How to Buy Eternal Life Insurance
There are a number of ways to get life insurance, but the most popular method of purchasing a policy is through an insurance agent. Other ways to get life insurance include through a mutual fund, life insurance policy purchased from a company that administers your 401(k) or other retirement plan, or an accident or health insurance policy issued by an employer.
How is Eternal Life Insurance Different From Regular Permanent Life Insurance?
Like traditional permanent life insurance, eternal life insurance protects against the death of the person who takes out the policy. But there are two key differences between these two types of policies.
- Sale Duration: With traditional permanent life coverage, the policyholder takes out an insurance policy for a specific amount of time, like 10 years. This means that the person will be covered for ten years only, and then they are no longer protected.
- Death Benefit: The death benefit offered by eternal life insurance is usually higher than that of traditional permanent life insurance. This is because with eternal life insurance, the death benefit will continue to be paid out even after the person who took out the policy dies.
Pros of Eternal Life Insurance
- Protection from Poverty: The death benefit offered by life insurance is often used to provide for the living expenses of the family members if the person who took out the policy dies. The death benefit is usually paid out for, at the most, 10 years.

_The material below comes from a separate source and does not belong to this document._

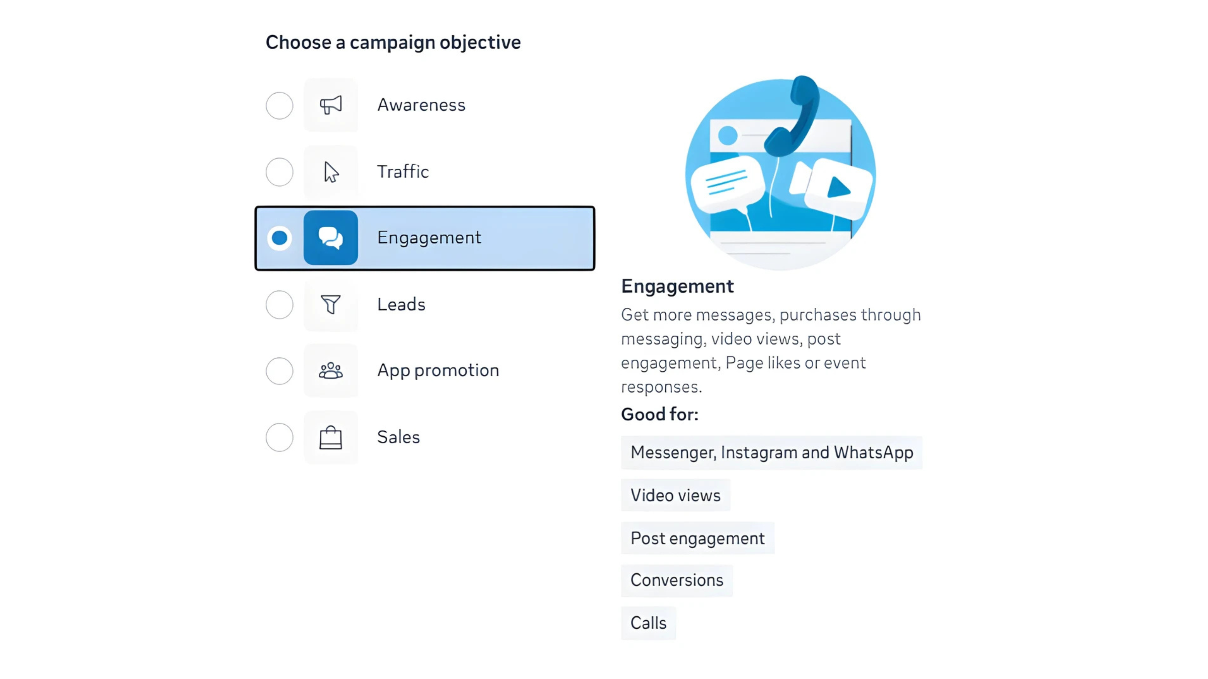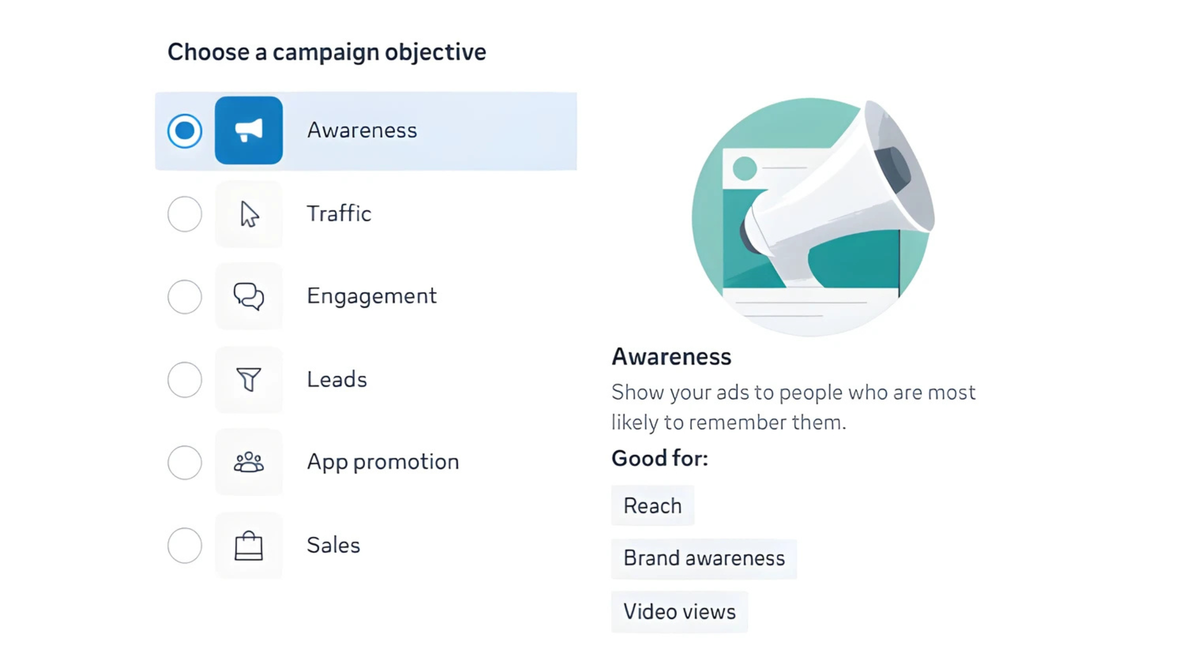 There is no single “best” goal for every situation. Recognition helps make the brand known, traffic brings customers to your platform, interaction creates trust, lead generation collects data, and conversion is the closing stage.

- Protection from Medical Expenses: Life insurance is a good way to protect family members from medical expenses if they get sick and require expensive treatments.
- Protection from Creditors: If you have a high-interest debt like a mortgage or credit card, life insurance can be used to pay off the debt and protect your loved ones from being harassed by creditors.
- Inheritance Taxes: Inheritance taxes are assessed when one person dies and another person inherits money. If you die with a traditional permanent life insurance policy, your beneficiaries won’t have to pay this tax.
Final Words: Should you buy eternal life insurance?
As you can see, there are many advantages of buying an eternal life insurance policy. Even though it is more expensive compared to regular permanent life insurance, it will provide you with protection from poverty, medical expenses, and even creditors in case you have high-interest debts. There are, however, some things you should keep in mind before you buy one of these policies.
- First, you should make sure that the benefits offered by the insurance company are worth the higher premium.
- Secondly, you should consider the terms and conditions of the policy, including the death benefit and the minimum amount of coverage you will receive.
- Last but not least, you should determine if buying eternal life insurance is right for you based on your financial situation.